Subset match query

Hi everyone,

Thanks for reading.

Here's my problem. I have the following documents:

"course #1": {
    "requirements": [
        {
            "name": "AWS EC2 certification",
            "type": "certification"
        },
        {
            "name": "Python Advanced",
            "type": "certification"
        },
        {
            "name": "Critical Thinking",
            "type": "skill",
        }
}

"course #2": {
    "requirements": [
        {
            "name": "Ruby on Rails advanced",
            "type": "certification"
        },
        {
            "name": "Critical Thinking",
            "type": "skill",
        }
}

I want the users to find the courses where they match all the requirements, for example:

The user that has "Critical Thinking", "Ruby on Rails advanced" and "Python Advanced", should get only the course #2. In other words, I want to find the courses where the requirements are a subset of the user skills.

I saw posts related to this issue but are very old and I'm hoping to find a clean solution.

Thanks. I hope you have some inputs.

Start simple with terms and terms_set query. After that you can add a nested layer on top.

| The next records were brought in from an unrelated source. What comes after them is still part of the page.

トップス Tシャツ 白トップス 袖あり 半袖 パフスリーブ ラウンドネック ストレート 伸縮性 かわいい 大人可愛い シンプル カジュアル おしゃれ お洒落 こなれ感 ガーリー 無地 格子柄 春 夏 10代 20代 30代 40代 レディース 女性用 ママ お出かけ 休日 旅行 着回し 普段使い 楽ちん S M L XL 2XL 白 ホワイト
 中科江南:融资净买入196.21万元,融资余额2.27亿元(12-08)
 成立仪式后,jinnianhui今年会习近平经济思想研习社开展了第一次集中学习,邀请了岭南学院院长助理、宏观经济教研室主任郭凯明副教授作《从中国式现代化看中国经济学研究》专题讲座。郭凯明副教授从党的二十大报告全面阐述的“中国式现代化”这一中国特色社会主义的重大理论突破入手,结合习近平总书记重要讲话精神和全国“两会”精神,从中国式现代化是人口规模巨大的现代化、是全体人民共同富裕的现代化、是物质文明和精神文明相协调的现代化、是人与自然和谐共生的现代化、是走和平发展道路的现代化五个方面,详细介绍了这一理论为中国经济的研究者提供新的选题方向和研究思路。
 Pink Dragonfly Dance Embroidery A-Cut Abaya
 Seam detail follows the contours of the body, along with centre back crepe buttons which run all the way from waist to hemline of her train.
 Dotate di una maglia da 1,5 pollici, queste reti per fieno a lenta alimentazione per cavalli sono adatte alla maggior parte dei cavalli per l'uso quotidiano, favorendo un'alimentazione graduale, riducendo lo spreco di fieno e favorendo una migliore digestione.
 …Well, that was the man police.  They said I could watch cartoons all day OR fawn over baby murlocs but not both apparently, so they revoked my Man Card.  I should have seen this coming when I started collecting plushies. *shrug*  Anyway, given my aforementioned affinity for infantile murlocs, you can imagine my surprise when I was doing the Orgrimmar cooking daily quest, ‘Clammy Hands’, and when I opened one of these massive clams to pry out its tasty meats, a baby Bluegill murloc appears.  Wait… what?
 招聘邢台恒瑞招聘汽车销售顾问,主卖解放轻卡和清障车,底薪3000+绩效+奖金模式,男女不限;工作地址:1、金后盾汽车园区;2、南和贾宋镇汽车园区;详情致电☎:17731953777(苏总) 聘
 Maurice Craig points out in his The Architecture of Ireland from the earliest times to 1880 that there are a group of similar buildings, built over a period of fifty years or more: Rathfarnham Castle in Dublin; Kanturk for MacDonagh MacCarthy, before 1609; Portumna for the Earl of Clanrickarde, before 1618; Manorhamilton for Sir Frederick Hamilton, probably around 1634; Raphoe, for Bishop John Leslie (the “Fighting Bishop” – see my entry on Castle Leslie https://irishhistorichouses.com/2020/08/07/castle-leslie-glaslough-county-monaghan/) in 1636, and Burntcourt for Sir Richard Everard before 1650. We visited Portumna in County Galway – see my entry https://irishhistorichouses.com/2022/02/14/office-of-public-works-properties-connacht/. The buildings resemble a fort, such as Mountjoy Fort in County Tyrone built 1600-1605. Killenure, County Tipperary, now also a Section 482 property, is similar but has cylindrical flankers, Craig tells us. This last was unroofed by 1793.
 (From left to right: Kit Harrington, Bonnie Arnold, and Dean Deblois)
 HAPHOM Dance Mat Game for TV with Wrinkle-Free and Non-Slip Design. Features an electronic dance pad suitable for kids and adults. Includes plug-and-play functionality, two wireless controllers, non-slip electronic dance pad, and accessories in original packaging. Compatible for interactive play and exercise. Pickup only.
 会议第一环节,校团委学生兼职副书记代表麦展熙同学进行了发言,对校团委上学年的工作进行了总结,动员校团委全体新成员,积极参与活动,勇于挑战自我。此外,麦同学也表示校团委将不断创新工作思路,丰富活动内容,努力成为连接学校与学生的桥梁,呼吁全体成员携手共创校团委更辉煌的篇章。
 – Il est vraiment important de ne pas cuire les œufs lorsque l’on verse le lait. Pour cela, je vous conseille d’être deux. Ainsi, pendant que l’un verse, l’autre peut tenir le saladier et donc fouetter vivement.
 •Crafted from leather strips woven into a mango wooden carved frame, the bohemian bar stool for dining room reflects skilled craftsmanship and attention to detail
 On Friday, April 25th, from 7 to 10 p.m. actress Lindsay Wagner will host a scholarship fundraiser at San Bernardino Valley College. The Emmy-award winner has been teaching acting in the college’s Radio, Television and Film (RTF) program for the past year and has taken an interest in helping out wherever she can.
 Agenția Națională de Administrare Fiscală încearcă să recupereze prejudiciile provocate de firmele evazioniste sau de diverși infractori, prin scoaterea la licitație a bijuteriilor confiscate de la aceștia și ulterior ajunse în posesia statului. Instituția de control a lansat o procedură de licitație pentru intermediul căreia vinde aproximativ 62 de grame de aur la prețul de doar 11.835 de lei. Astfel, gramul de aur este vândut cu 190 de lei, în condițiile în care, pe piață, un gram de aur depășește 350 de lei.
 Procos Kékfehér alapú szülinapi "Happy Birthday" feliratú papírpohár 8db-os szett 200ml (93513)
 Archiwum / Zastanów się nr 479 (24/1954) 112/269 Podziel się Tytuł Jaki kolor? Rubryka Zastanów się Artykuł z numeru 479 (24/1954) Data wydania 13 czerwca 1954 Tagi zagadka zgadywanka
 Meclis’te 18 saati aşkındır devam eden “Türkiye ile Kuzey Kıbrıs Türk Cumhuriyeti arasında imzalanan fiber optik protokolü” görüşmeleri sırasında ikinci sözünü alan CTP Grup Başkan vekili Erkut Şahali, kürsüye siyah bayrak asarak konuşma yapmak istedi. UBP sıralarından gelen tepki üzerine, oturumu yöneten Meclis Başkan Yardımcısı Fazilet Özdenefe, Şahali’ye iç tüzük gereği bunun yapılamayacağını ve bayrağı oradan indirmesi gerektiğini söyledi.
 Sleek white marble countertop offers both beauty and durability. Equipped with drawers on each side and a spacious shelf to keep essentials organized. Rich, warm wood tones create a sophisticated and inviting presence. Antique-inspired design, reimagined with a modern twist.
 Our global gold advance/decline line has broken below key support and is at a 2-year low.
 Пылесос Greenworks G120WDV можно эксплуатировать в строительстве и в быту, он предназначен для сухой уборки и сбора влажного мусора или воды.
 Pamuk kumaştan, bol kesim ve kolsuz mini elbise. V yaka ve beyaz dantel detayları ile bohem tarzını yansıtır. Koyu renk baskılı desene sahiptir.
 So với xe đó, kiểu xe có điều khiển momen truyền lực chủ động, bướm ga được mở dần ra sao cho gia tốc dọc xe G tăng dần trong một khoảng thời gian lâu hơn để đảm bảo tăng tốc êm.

Example, let's map requirements as simple keyword field:

PUT test_index
{
  "mappings": {
    "properties": {
      "requirements": {
        "type": "keyword"
      }
    }
  }
}

Indexing some docs:

POST test_index/_bulk
{ "index" : { "_id" : "course1" } }
{"requirements": ["A", "B", "C"]}
{ "index" : { "_id" : "course2" } }
{"requirements": ["D", "C"]}

The query below returns you only courses that satisfy all your requirements.

GET test_index/_search
{
 "query": {
   "terms_set" : {
     "requirements" : {
       "terms" : ["C", "D"],
       "minimum_should_match_script": {
          "source": "params.num_terms"
        }
     }
   }
 }
}

Hi Mayya, thanks for the quick response.
The solution you posted is working fine, but when I tried to add a nested layer on top, it didn't work. So I was wondering if the terms_set works with nested objects, I looked this post but it has no answers Terms_set within a nested query, and what is happening to me is exactly that. When I used a nested query, there are no results in the response.

It looks like this:

{
        nested: {
          path: 'requirements',
          query: {
            terms_set: {
              'requirements.name': {
                terms: ["Python Advanced", "Critical Thinking"],
                minimum_should_match_script: {
                  source: "params.num_terms"
                },
              },
            }
          }
        }
}

And it works when I copy/paste the one you posted

I've realized that I have provided a wrong solution with terms_set query, as it would not returned subset, but rather a superset; that is you would not be able to find the courses where the requirements are a subset of the users skills, but rather find the courses where the user skills are the subset of course requirements.

Again, disregarding a nested part, to find a correct subset, you would need to writer a custom script that would compare if each course requirement is within user skills, something like this:

GET test_index/_search
{
  "query": {
    "bool": {
      "filter": {
        "script": {
          "script": {
            "source": """
            for (int i = 0; i < doc['requirements'].length; i++) {
              boolean found = false;
              for(int j = 0; j < params.user_skills.length; j++) { 
                if (doc['requirements'][i] == params.user_skills[j]) {
                  found = true;
                  break;
                }
              }  
              if (found == false) return false;
            }
            return true;
            """,
            "params": {
              "user_skills": ["C", "D"]
            }
          }
        }
      }
    }
  }
}

You can't use this for nested objects, as each nested object is a separate document. Some possible solutions I can see are:

  1. Don't use nested, and just use "requirements" as a keyword field with multiple values (the way I did in my example)
  2. You can copy nested values in a root/parent object with include_in_parent and include_in_root options, and run queries on a corresponding root field.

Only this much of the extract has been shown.